My 1st-generation Prusa Mendel has had all of the above upgrades applied to it - it is still physically the same arrangement as it stared life, but it now prints much more reliably and smoothly (and faster) than it did before. Dare I think that the "tinker and upgrade" phase has ended, and my RepRap will now enter a long mature life of production printing without significant additional upgrades?

(Naaah! Who am I kidding?! Of course I'll keep upgrading it - just watch this space!)

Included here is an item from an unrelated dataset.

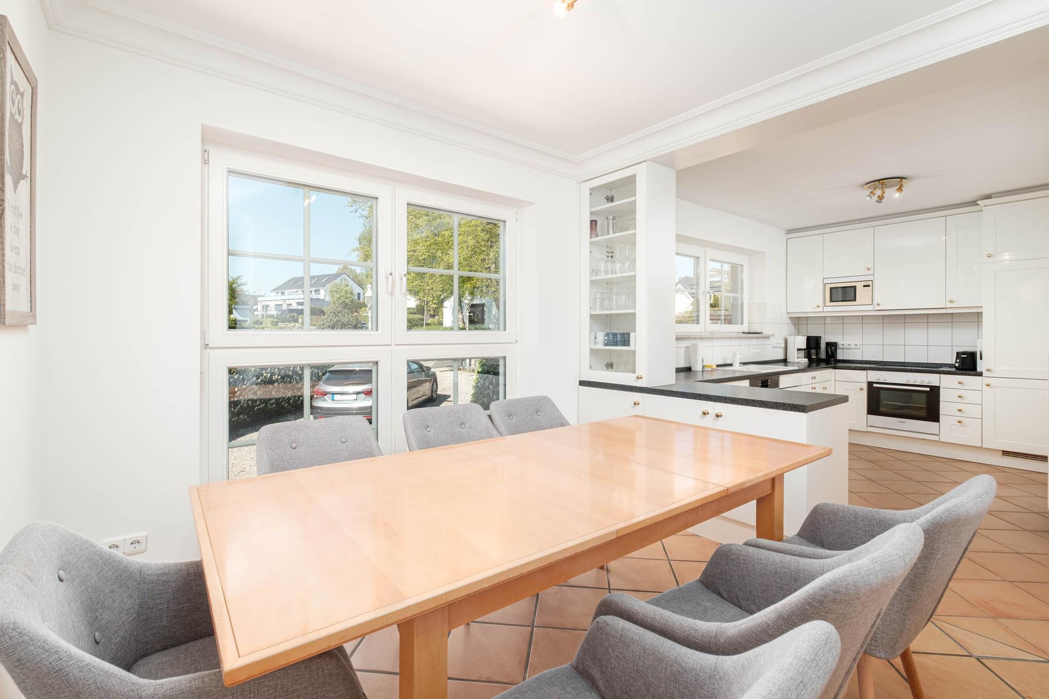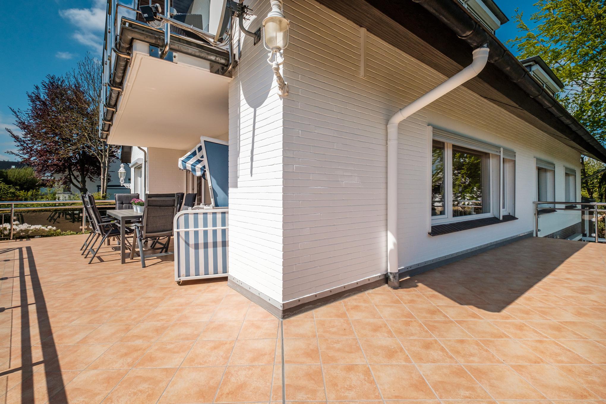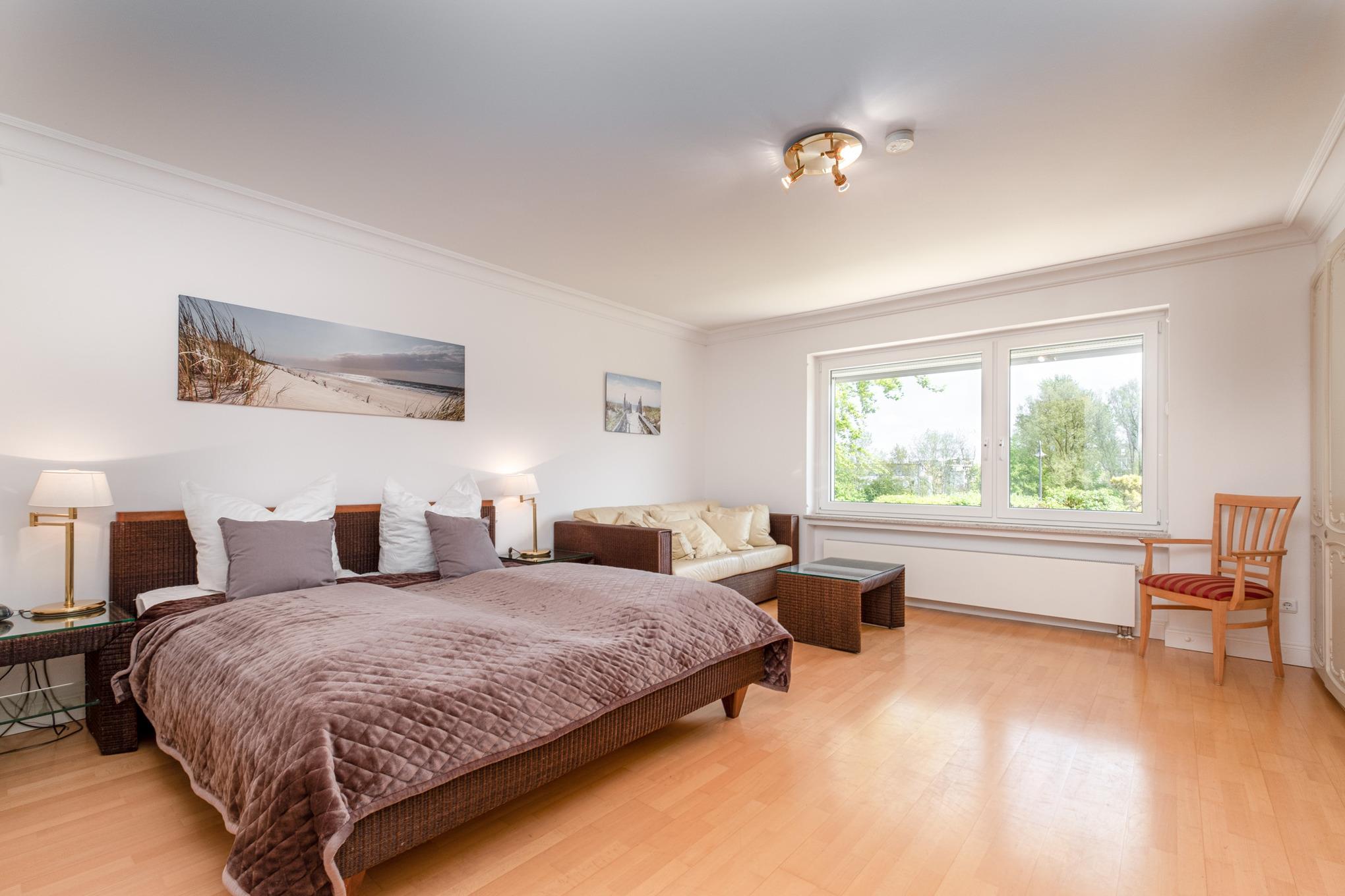 Die Scharbeutz Ferienwohnung Nr. 4 ist für 6 Personen ausgelegt und befindet sich im Hochparterre mit großer, umlaufender und möblierter Süd/Ost-Terrasse bzw. Balkon mit Treppe in den Garten. Auf ca. 150qm erwartet Sie eine große Ferienwohnung mit 3 separaten Schlafzimmern, jeweils mit Doppelbett (180x200 cm) und einmal mit zusätzlichem Flatscreen-TV.

(As in all matters of opinion, some of these points may be controversial - for example, I am sure that some people have printed very successfully with 3D-printed PLA bushings, and continue to do so, but in my opinion, you are more likely to print successfully, and much more quickly, if you use linear bearings on all axes.)



Friday 23 October 2015

PowerTech MP-3800 0-24 volt power supply - a quick review

I have been powering my RepRap 3D printer with a hacked ATX power supply http://julianh72.blogspot.com.au/2011/08/my-parts-list-power-supply.html - it has been working OK, but I was finding that it could be a bit slow getting the heat bed up to a stable temperature, especially if I want to print ABS (which needs a very hot heat-bed to stick properly). When I hooked up my multimeter, I found the supply voltage was dropping a bit under heavy load, so I guess my power supply really wasn't 100% up to its rated capacity. I started thinking about getting a proper desktop variable voltage power supply.

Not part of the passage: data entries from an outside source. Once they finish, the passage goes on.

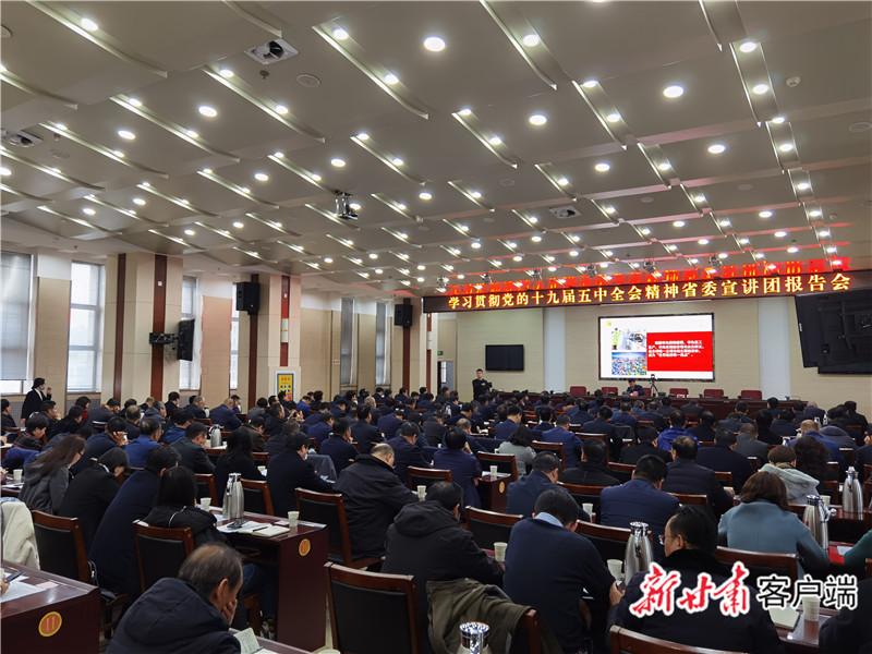 宣講中,蘇海明聚焦甘肅發展情況和慶陽老區實際,通過列數據、講事例、作比較,既展望未來、研判大勢,又立足當前、科學指導,為慶陽市黨員干部作了一場精彩的全會精神輔導。“報告內容主題鮮明,系統全面,既上接‘天線’,又下接‘地氣’,對我們進一步深入學習領會、貫徹落實全會精神提供了有力指導。”聆聽報告的人員表示,要做好全會精神的學習者,將全會精神學深學透、入腦入心;做好全會精神的宣傳者,推動全會精神“傳”入千家萬戶、“播”進田間地頭;做好全會精神的踐行者,將全會精神轉化為推動工作、指導實踐的強大動能。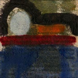 This piece was painted with mixed encaustic (wax with pigment) on a vintage book page.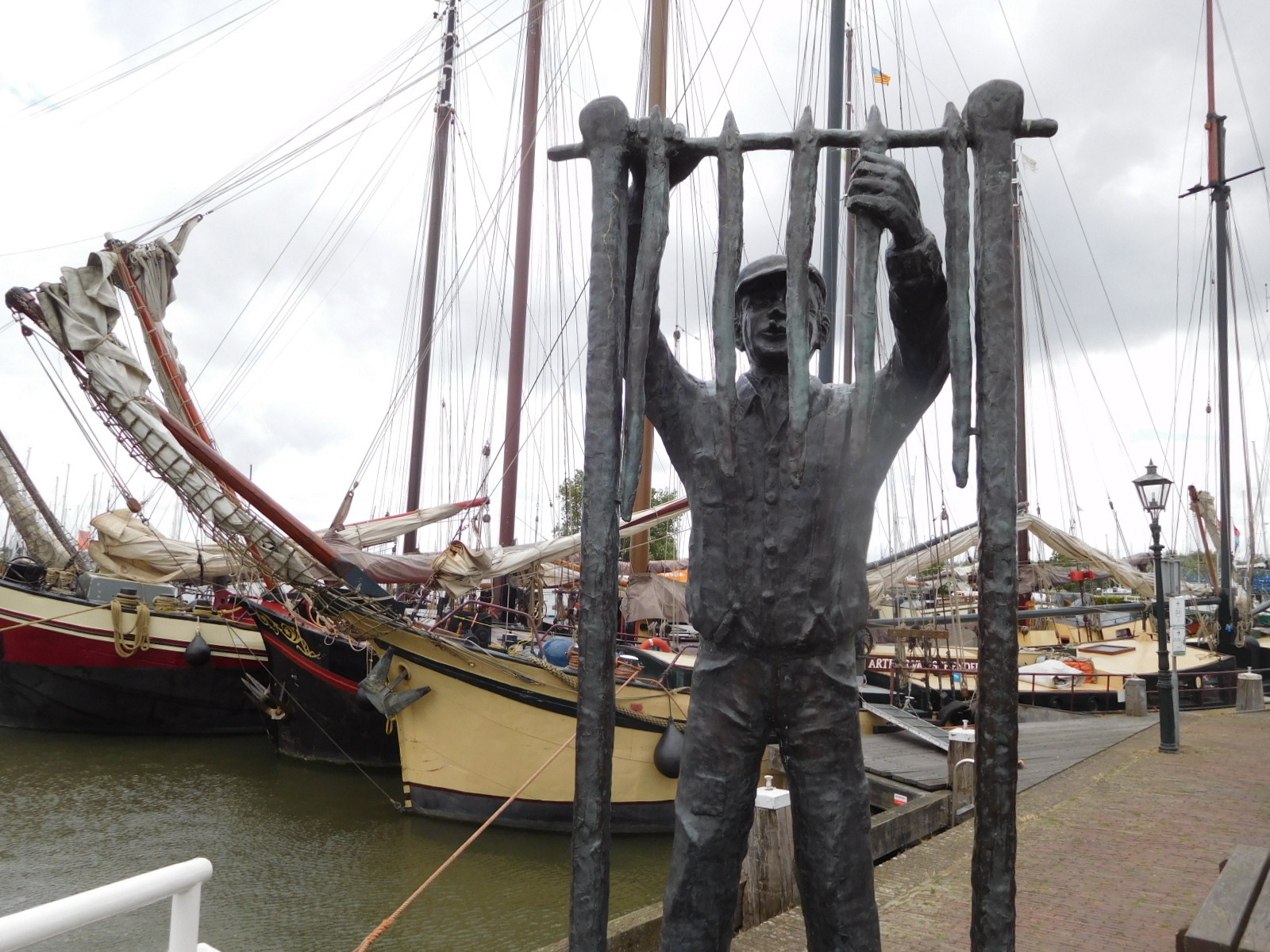 Although the land and buildings were nice enough, things did not seem to really ramp up in terms of iconic Holland until we arrive in Monnickendam. This little town featured many tall boats in its harbour. Looking at the clues we could pick up, we decided that this could be a tall boat convention. Monnickendam also had a historic church, and a clock tower/carrillon with moving figures, similar to what we had seen in Gouda.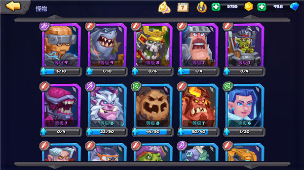 每个怪物的等级上限都是20级,具体的升级方式是凑齐足够的同名怪物卡即可,由于怪物拥有品质之分,因此绿卡、蓝卡、紫卡和橙卡的培养难度一次递增,大家培养前要先考虑清楚哦~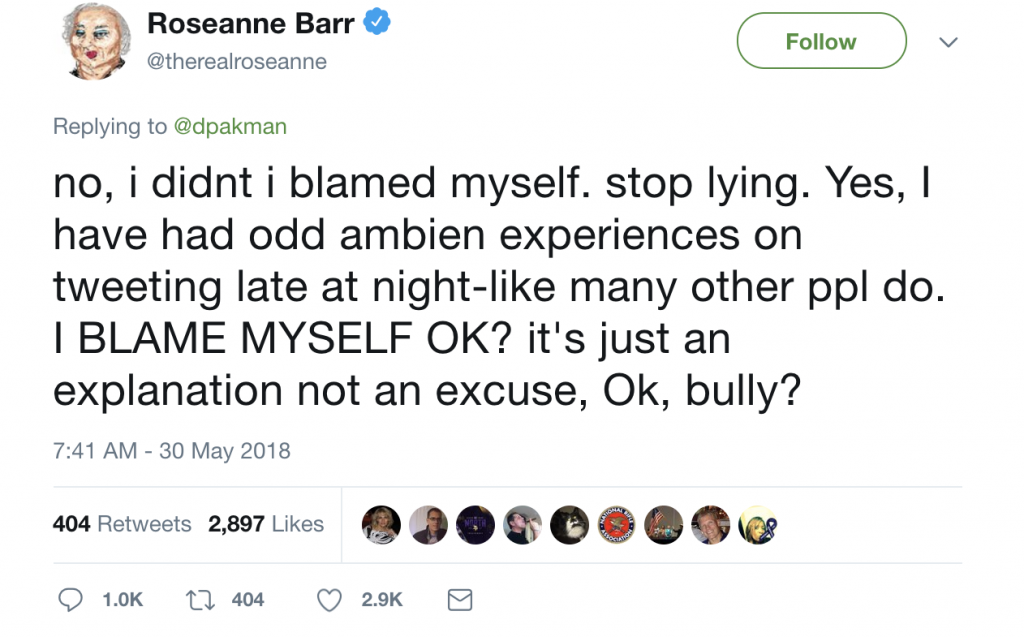 As of today, Roseanne has removed the offending tweet, apologized, and issued a series of increasingly angry and irritable explanations. In one of them, she claims to have been up all night under the influence of the sleeping pill Ambien:

Luckily for me, JayCar recently had a special on several power supplies, including the MP-3800 http://www.jaycar.com.au/Power-Products-Electrical/Power-Supply/Laboratory-Bench/Compact-Switchmode-Laboratory-Power-Supply/p/MP3800, which they were offering for only AUD$119 (usually $149) - not bad for a 0-24 volt power supply, with a load rating of 15 amps continuous at 12 volts (18 amps peak). It is rated to better than 9 mV ripple voltage, and has thermal and overload protection, so it ticks all of my boxes.

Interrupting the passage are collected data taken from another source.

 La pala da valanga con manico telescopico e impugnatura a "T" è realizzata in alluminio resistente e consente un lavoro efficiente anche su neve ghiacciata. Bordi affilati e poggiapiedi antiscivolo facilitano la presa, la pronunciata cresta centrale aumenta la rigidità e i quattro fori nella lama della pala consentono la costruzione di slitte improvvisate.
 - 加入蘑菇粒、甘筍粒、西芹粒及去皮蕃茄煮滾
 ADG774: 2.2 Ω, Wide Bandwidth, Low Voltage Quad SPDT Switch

Note that the rated output current capacity depends on the selected output voltage, so check your needs if you plan to run at other voltages:



So I grabbed one, hooked it up to my RepRap, and it works great - highly recommended!

The power supply has back-lit analogue gauges for volts and amps, which seem to be pretty accurate when I test against my multi-meter. The RepRap pulls a maximum load of about 12 amps during the heat-up phase, but this drops to around 5 - 6 amps during normal printing. The power supply handles this admirably, with no detectable fluctuation in supply voltage, even when the load is fluctuating rapidly, such as when the heat-bed is cycling on and off.

The voltage control knob has a central detent position, at which it delivers 13.2 volts, which is where I normally run the RepRap. (The RAMPS 1.4 card is nominally a 12 volt board, but it can happily take a little bit of over-voltage, and the extra supply voltage gives faster and more stable heat control.) However, I need to be sure to not accidentally overload the RAMPS by giving it 24 volts - I really wanted a digital display to give a crystal-clear voltage display, to make sure I don't over-power my RAMPS 1.4.

I bought a cheap 0-30 volt LED voltmeter on eBay for less than $3 including postage (search for "0.36" LED Digital Voltmeter", and make sure to pick one which has the right voltage range for your power supply, as they come in 10V, 30V, 100V and 200V variants). Hook up the red and blue wires to the positive terminal and the black wire to the ground terminal, and you have a nice bright digital voltage display.

I then printed a voltmeter bracket which I came across on Thingiverse http://www.thingiverse.com/thing:239801, and it works great - now I get a brilliant indication of supply voltage as soon as I power up, greatly reducing the risk of blowing the RAMPS electronics. (And of course it works just as well when I am using the power supply for my other electronics projects.)